Their commercial director, Kevin Grace said: ‘We’ve been doing a lot of thinking about retail destinations and how our stores might become somewhere that people spend more time, as well as shop. With more general merchandise moving online we have a great opportunity to rethink how we use the space in some of our larger stores. We want the dining experience to feel separate from the weekly shop because it’s a place where customers can take a break and relax.’

Being stuck all day in a Tesco sounds like the stuff of nightmares to me, similar to searching for an exit in an Ikea store. I’d question whether this can work outside the South East where retail sales are still buoyant. It all sounds a bit London’ish to me.

So finally, what lessons can be learnt from this: Self-service, free parking, online sales with a delivery service or a more leisure-based experience? Now that you have a long queue of impatient shoppers waiting to be served the dilemma is: How many tills do you need to provide?

At this point you need to study so-called queuing theory developed by Danish statistician Agner Erlang to improve the Copenhagen telephone exchange. Look it up on Wikipedia – this is heavyweight statistical probability stuff used by Supermarkets to calculate how many checkouts they need. It takes into account factors like balking (customers refusing to join a long queue), reneging (leaving a slow-moving queue) and jockeying (switching between queues). Somehow a Poisson comes into it as well – isn’t that French for ‘Fish’? You can also entertain yourself by testing the theory on your customers e.g. who has the sharpest elbows or heaviest handbag etc and gets served first?

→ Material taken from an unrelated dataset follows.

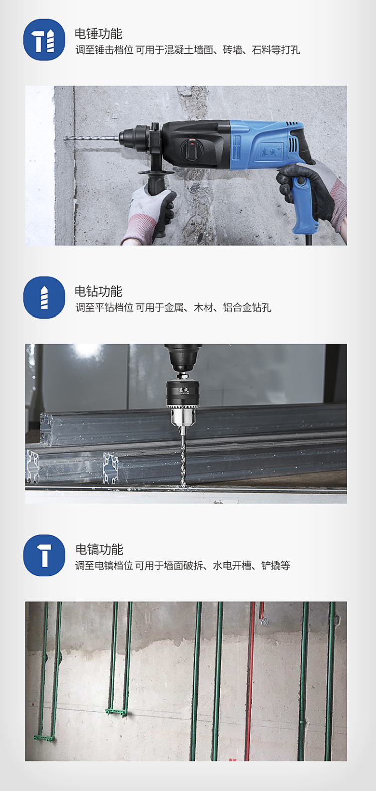 可搭配不同型號鉆頭,完成多項鉆孔工作

Which got me wondering – could queuing theory be used to outwit Bookies? If there are X number of horses in a race over Y number of hurdles then making allowance for balking, reneging and jockeying will queuing theory predict which horse comes in first? I tried this at Cheltenham Gold Cup instead of my usual ‘bet on the jockey, not the horse’ system. And I lost the lot. Boo Hoo. The theory didn’t know that Barry Geraghty and Bobs Worth had won the Hennessy Gold Cup back in December but the Bookies did.

The Gold Cup destroyed my belief in queuing theory and replaced it with barefoot theory. This predicts that you will never see a Bookie’s children walking around in bare feet.